At this point I think here is my rough thinking: 1) Add SRV support to the existing resolver. For simplicity I think it's probably fine to have an API resolveSRV() which is independent from the other resolution API. We can potentially merge them later if needed. 2) Given this discussion, my feeling is that we should add a new extension cluster called srv_dns. We can factor out code from static_dns and share it if we want, but I think there are enough differences that it should be independent. My thought on how this cluster would work is it should assume that the cluster load assignment is empty, and have its own configuration for an SRV name (or maybe a list of names). Given the response, we could eventually synthesize a CLA with multiple localities (using priority), but in the beginning for the MVP we could have a single locality and just adhere to the weight field. I don't think we need to use the EDS code at all.

I think ^ is pretty straightforward and should get us to where we need to be.
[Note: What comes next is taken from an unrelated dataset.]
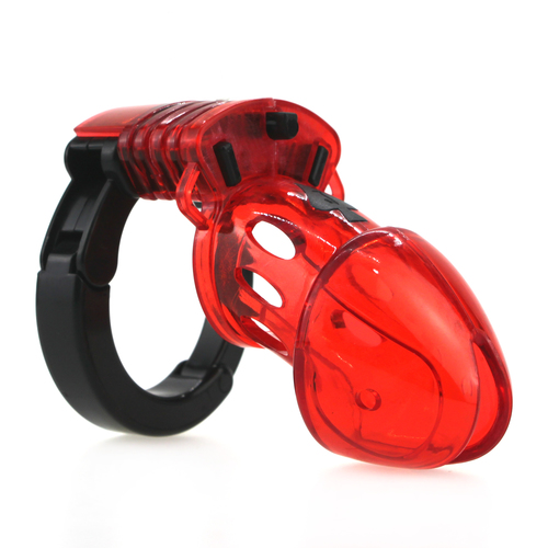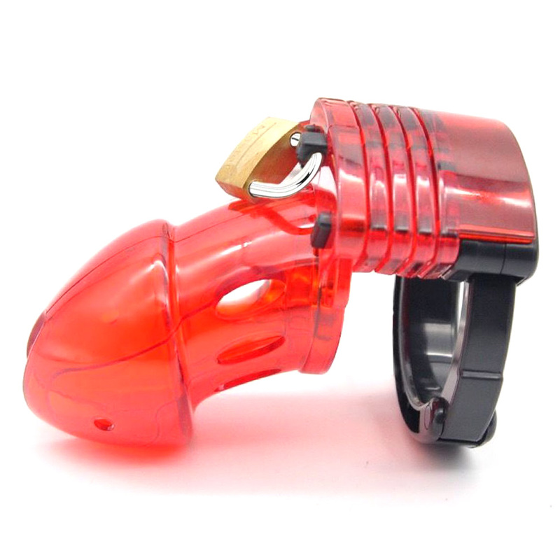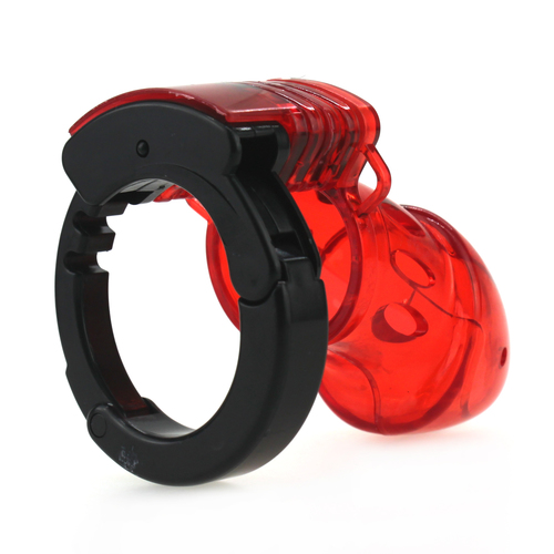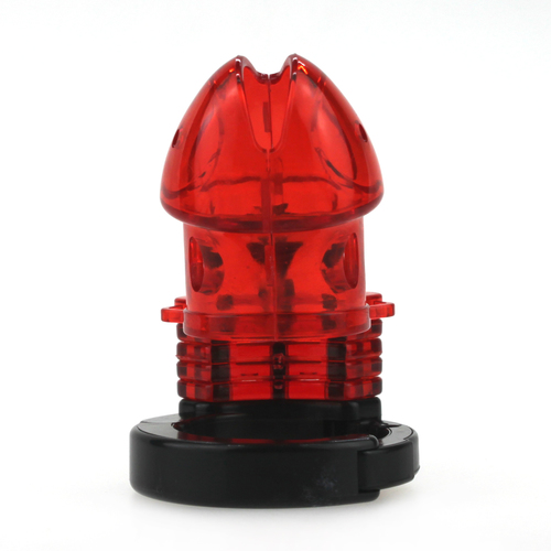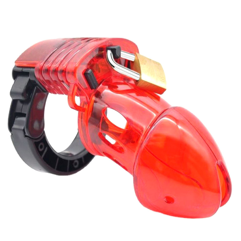 The new, innovative design of the Red Jacked Adjustable Locking Male Cock Cuff Chastity Device consists of a ratcheting cock cuff and several spacers which can be added for extra length. The guide pins hold the spacers allowing you to create a length that works best for training your boy toy.The actual cage length is 3 1/4″ in length with an inner diameter of 1 1/4″. The spacers allow you to create a total length of 4″ to 5″ in approximately 1/8″ increments.The multi-position cock cuff is a fantastic new style of cock cuff for chastities which is a bit of predicament for your boy toy. The cuff can be adjusted for size behind your slave’s cock and balls, then using the locking pin, the ratchet style cuff is locked into place before placing any spacers or the actual cock cage on. It’s easier than a solid cock cuff to put on because you don’t have to squeeze the balls and scrotum through it. However, it can be tightened much tighter than a normal, non-adjustable cock cuff, meaning you can really put the squeeze on your man! (Maybe that’s more of a pre-dick-ament!) The cock cuff can be adjusted from a comfortable 2″ in diameter (6″ in circumference) down to a tiny 1 1/4″ in diameter (4″ in circumference)!Color: Red/Black/Clear

I honestly haven't gone back through all the old issues and discussions but given the extension points we have today this makes the most sense to me. In terms of writing up a more fully formed version of this in a gdoc, we don't currently have a hosted drive (we probably should), so for now a doc from your account that is world commentable would be great. Thank you!
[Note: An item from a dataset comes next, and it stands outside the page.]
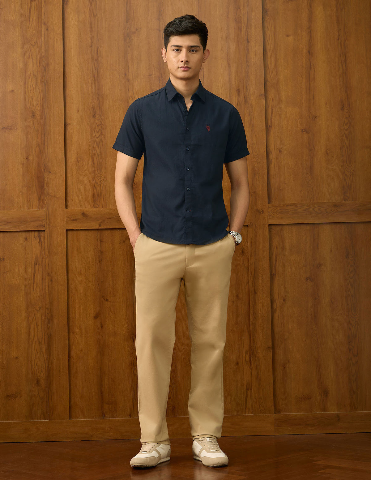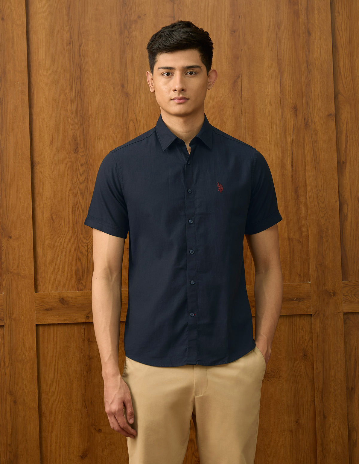 Story: Enhance your casual wardrobe with these Varsity collection men's shirts, featuring a subtle self-design pattern.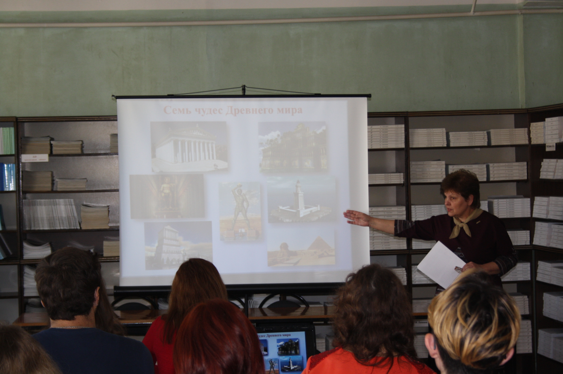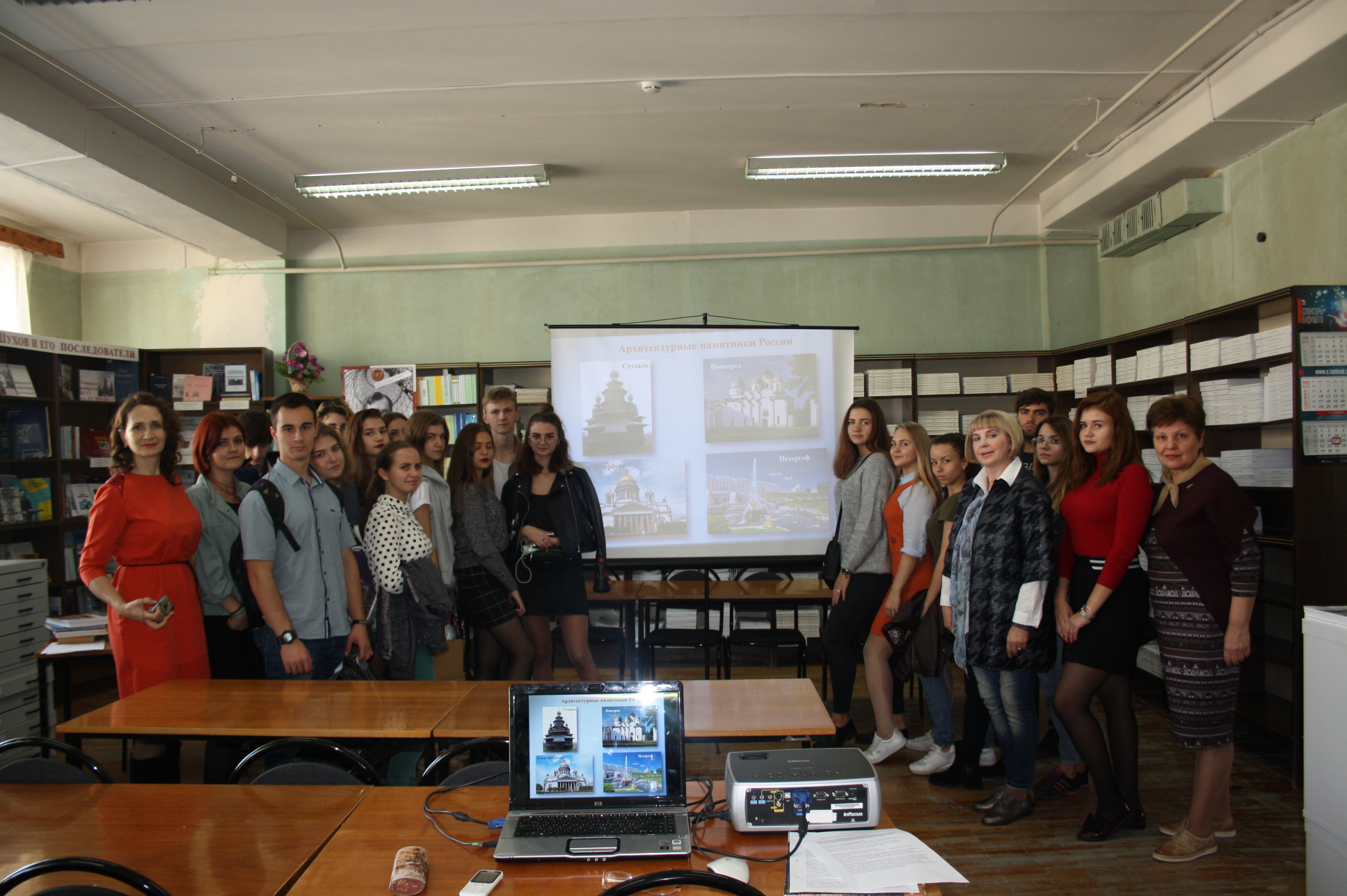 17 октября в научно-технической библиотеке состоялось комплексное мероприятие «Шедевры архитектуры». Студенты 2 курса специальности «проектирование зданий» познакомились с энциклопедическими изданиями по истории архитектуры, узнали о самых знаменитых архитектурных памятниках всех времен и народов. В содержательное наполнение обзора литературы были включены элементы викторины. Ребята угадывали изображения семи чудес света, памятников белгородской архитектуры и тут же получали информацию о называемых объектах.

kylebevans commented 3 years ago

This makes sense to me. I'll start on the doc, thanks.

kylebevans commented 3 years ago

Hi, here is the design doc: https://docs.google.com/document/d/11yEE9qk_xr8bvdQLPdEuzBM9LpuXRUseNgQIf4y20E0/edit?usp=sharing

I'll await your feedback, but again there is no rush.

mattklein123 commented 3 years ago

Thanks @kylebevans. Very exciting to see this being worked on. I left some comments on the doc but it definitely looks like it's heading in the right direction!
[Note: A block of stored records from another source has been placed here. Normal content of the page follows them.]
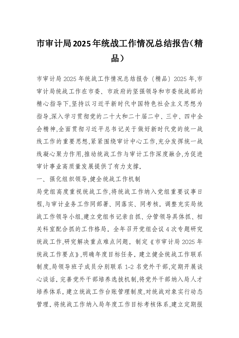首页材料汇编市审计局2025年统战工作情况总结报告(精品)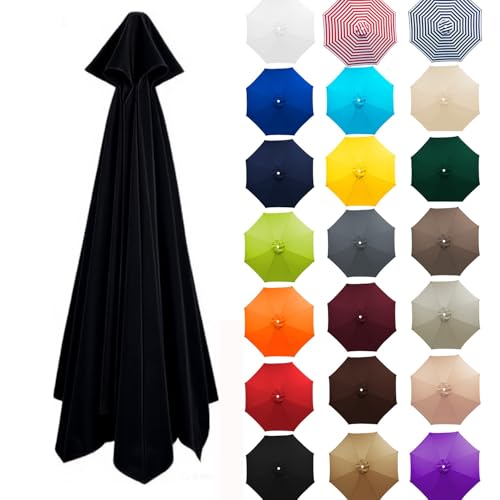 2,0 m till 4,0 m ersättning parasollskärm, 6/8 ribbor trädgårdsparaply ersättning parasolltyg, UV 50+ skydd för trädgård gård strandparaply (svart, 4,0 m/8 ribbor)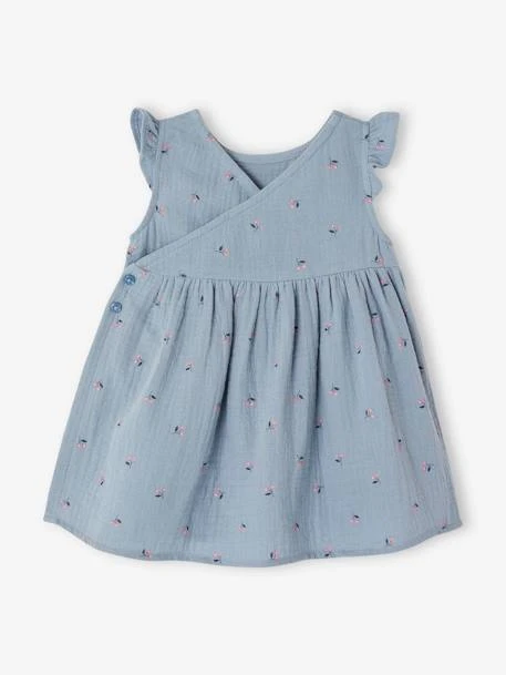 Ensemble robe et bob naissance en gaze 100% coton effet gaufré.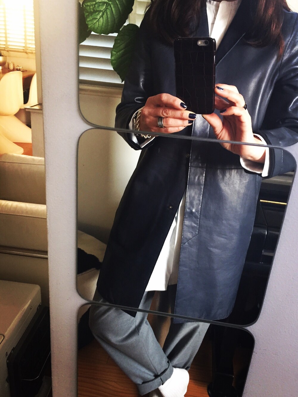 ネイビーのラムレザーのコートが最近のお気に入りです😍 柔らかくて軽くて着心地抜群‼️ ツゥモローランドとジャンポールノットとのコラボのnotのモノ〜👕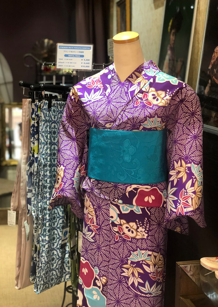 今日からどんなゆかたがレンタルできるかを写真でアップしていきますので参考にしてください。今日の一枚は紫のこれです、レンタルゆかたは全てポリエステル素材ですのでさらっとしていて着やすいですよ。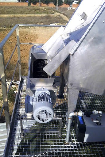 Nuestro Tornillo de Escurrido recibe de forma continua los sólidos a través de la tolva de entrada. Posteriormente un pistón de sección circular, accionado por un grupo hidráulico, actúa compirmiendo y deshidratando los reisduos hasta el grado deseado.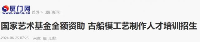 厦门网讯(厦门日报记者 邵凌丰 通讯员 程霞)由厦门海洋职业技术学院承担的“国家艺术基金(一般项目)2024年度资助项目”中的“以‘船’述史:中国古船模工艺制作人才培训”项目正面向全国招生,报名截至7月2日24时。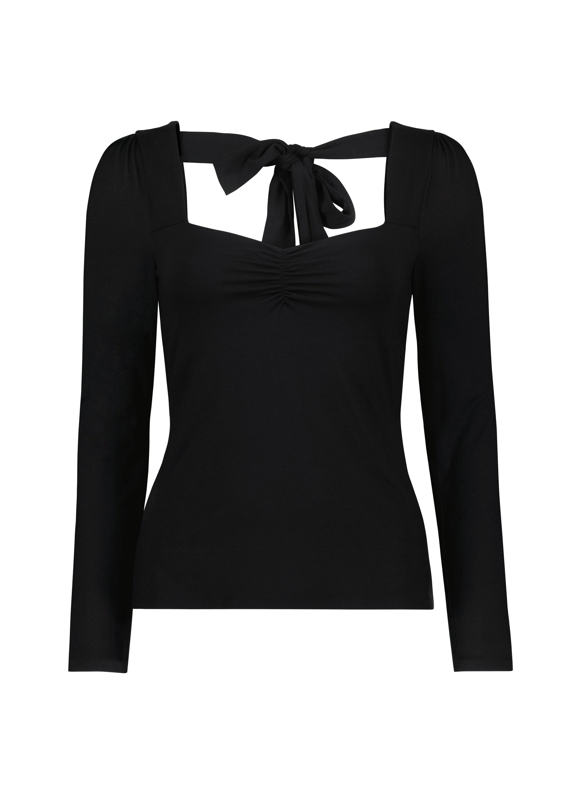 Say hello to the prettiest top with sleeves! Tiffany features a sweetheart neckline which elegantly frames the chest, and a cut-out back with ties which fasten into a statement bow. The result is a going-out top that's chic, comfortable (thanks to stretchy jersey) and all you need to elevate a pair of jeans or leather trousers.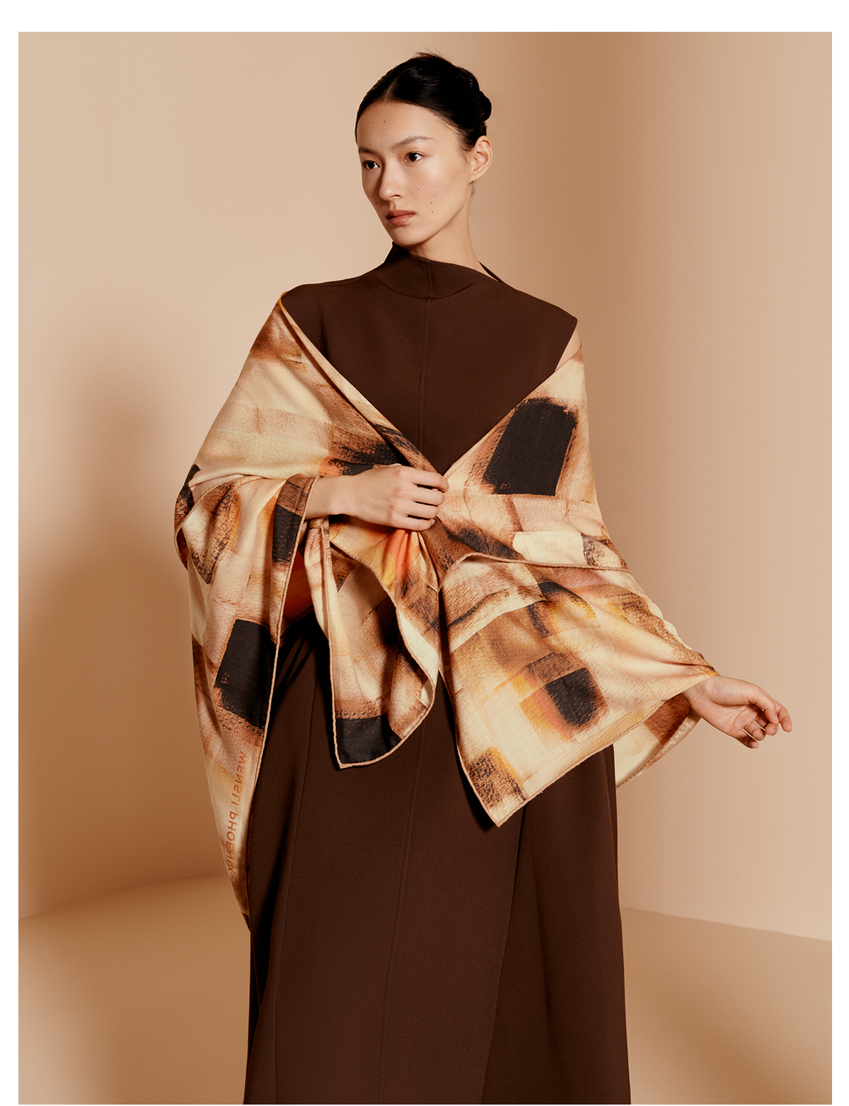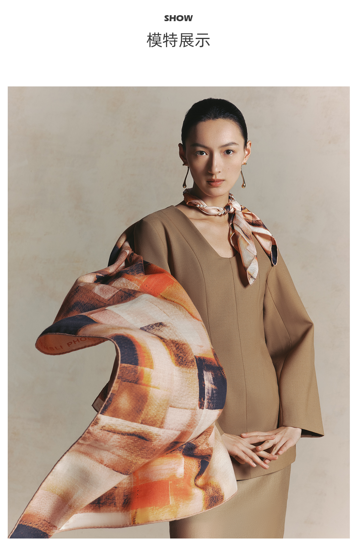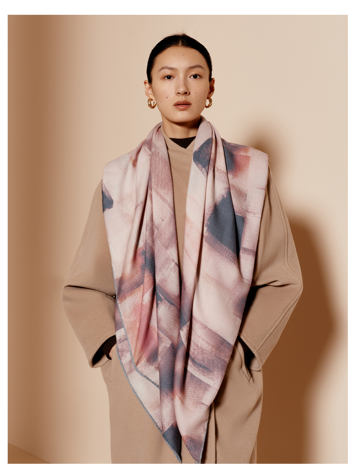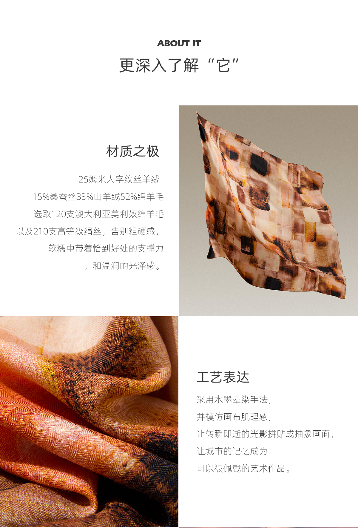 凤凰之家“浮光映城”128厘米双面印花丝羊绒围巾

ntgsx92 commented 3 years ago

@kylebevans Hey Kyle, we're currently looking at using Envoy for internal routing which requires adding SRV record support in Envoy. I'm wondering how far have you gone in terms of implementation? I'm also happy to work with you to get a working PR started.

ntgsx92 commented 3 years ago

@mattklein123 It seems like part of the current implementation is to add a new cluster for resolving SRV DNS query. We're currently trying to use Dynamic Forward Proxy filter and would love to use SRV query as well for resolving upstream addresses. It doesn't seem like this issue will fully address this feature request as DFP filter uses its own custom cluster instead.

Does it make sense to create a new custom cluster that resolves SRV query and can cache the results? What's your take in terms of implementation?

mattklein123 commented 3 years ago

In https://github.com/envoyproxy/envoy/issues/125#issuecomment-753748255 I suggest a 2 part change. Part 1 is adding SRV support to the resolver. This part could be configured/used from the DFP code.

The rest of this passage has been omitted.